Make an exact copy, from the records below, of the lines from the line containing "(2025年前三季度伊利股份液体乳业绩,图源:公司三季报)" to the line containing "After work, macho", both lines included, excluding pictures.
BEGIN Excerpted records
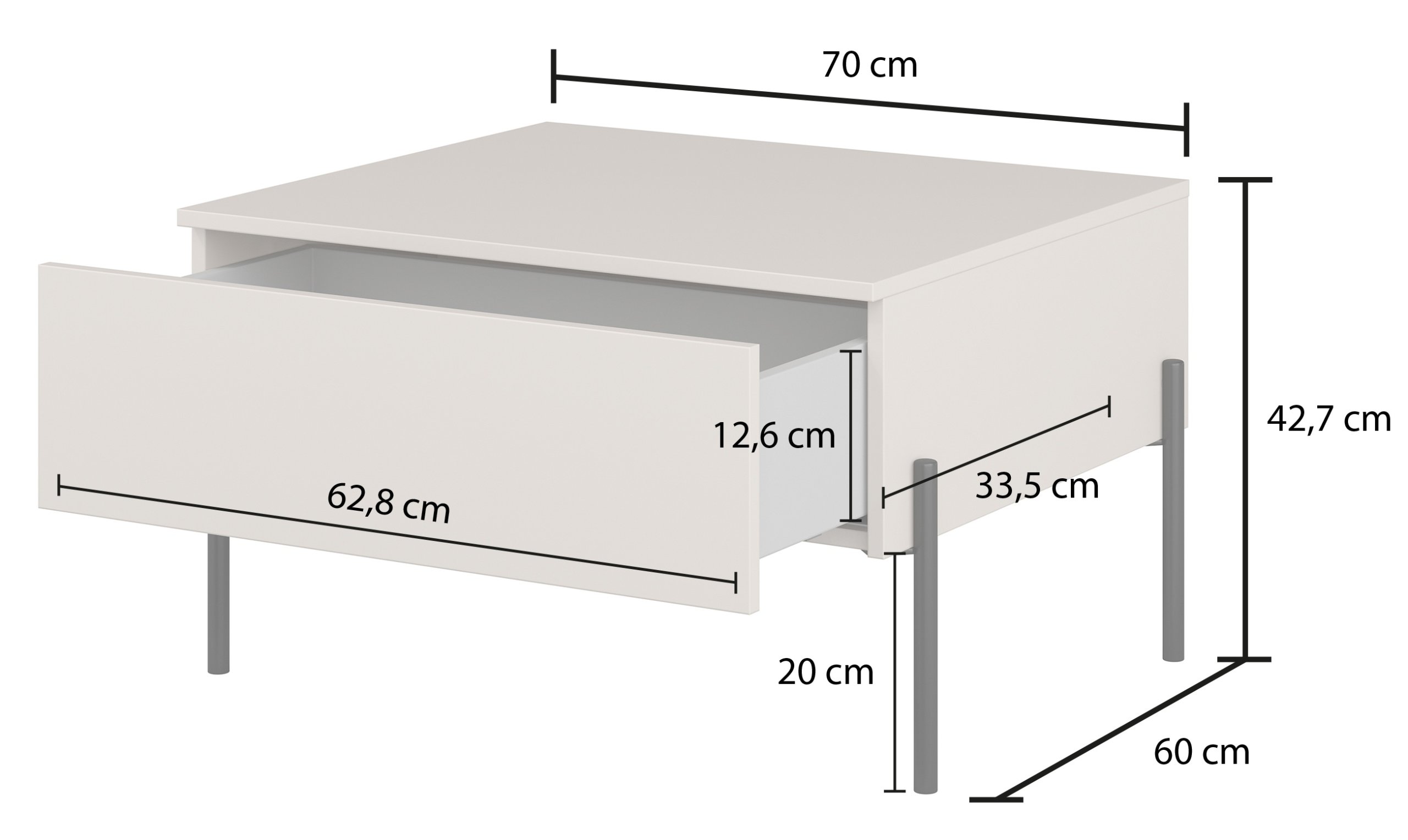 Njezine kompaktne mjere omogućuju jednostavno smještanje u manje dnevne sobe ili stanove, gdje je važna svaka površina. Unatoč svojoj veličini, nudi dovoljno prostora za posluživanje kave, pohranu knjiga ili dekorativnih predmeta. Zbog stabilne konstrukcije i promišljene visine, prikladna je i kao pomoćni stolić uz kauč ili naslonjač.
END Excerpted records
BEGIN Excerpted records
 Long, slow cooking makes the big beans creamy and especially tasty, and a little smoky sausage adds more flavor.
END Excerpted records
BEGIN Excerpted records
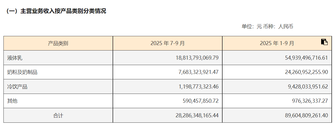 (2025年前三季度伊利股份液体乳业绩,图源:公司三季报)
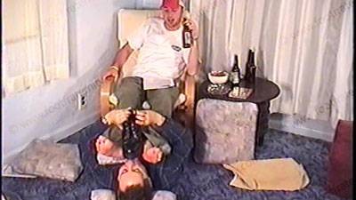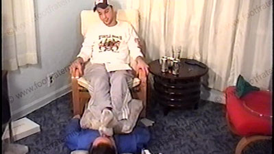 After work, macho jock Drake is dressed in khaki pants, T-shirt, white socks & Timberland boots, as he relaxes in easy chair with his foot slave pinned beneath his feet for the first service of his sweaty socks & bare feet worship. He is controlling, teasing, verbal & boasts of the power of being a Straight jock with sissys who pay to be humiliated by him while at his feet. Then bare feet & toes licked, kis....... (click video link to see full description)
END Excerpted records
- _Task response_:
 (2025年前三季度伊利股份液体乳业绩,图源:公司三季报)
 After work, macho jock Drake is dressed in khaki pants, T-shirt, white socks & Timberland boots, as he relaxes in easy chair with his foot slave pinned beneath his feet for the first service of his sweaty socks & bare feet worship. He is controlling, teasing, verbal & boasts of the power of being a Straight jock with sissys who pay to be humiliated by him while at his feet. Then bare feet & toes licked, kis....... (click video link to see full description)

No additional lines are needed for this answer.